3.2 Mixed Attention Operation

Previous studies [1, 42] have confirmed that the connection ways of the spatial and temporal convolution or attention operations are closely related to the model performance. Motivated by them, we conduct a comparative analysis of diverse connection methodologies of multiple attention mechanisms shown in the right part of Figure 4. Concretely, we compare the following structures:

—

Mix-A: Random, spatial, and temporal dependencies are independently calculated, and then, the resulting video features are fused together.

—

Mix-B: The sequences of spatial and temporal attention jointly extract static and dynamic cues, which are subsequently merged with the output of random attention.

—

Mix-C: Spatial, temporal, and random attention are employed to learn video features in series, hierarchically encoding different correlations.

Fig. 4.

An illustration of the MACS Transformer, including three different structures of the mixed attention module. — Fig. 4. Overview of our MACS Transformer. The video patches are linearly projected, concatenated with the [class] token, and added with positional embeddings. They are subsequently passed through multiple layers of Transformer encoders to learn video features. Each encoder contains the proposed mixed attention operation and channel shift operation. Considering different ways of extracting visual information, we design three structures for the mixed attention operation as shown on the right.
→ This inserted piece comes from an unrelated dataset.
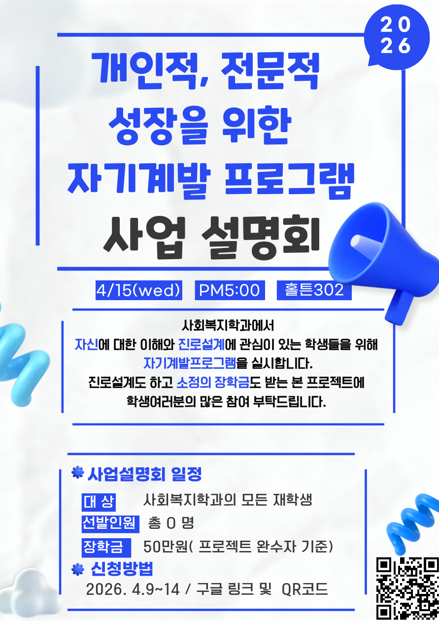 게시물 상세보기 - 제목, 등록일, 조회, 작성자, 내용으로 구성 제목 [사회복지학과] 개인적. 전문적 성장을 위한 자기계발프로그램 사업설명회신청(~4/14) 등록일 2026-04-09 조회 19 작성자 학과조교

Drawing inspiration from the factorization of 3D attention in [1, 4], Mix-B and Mix-C aim to establish a sequential linkage between spatial and temporal attention. However, the ablation experiment in Table 2 yields an interesting outcome that Mix-A with a parallel connection achieves superior performance, despite the serial configuration performing better solely for temporal and spatial attention.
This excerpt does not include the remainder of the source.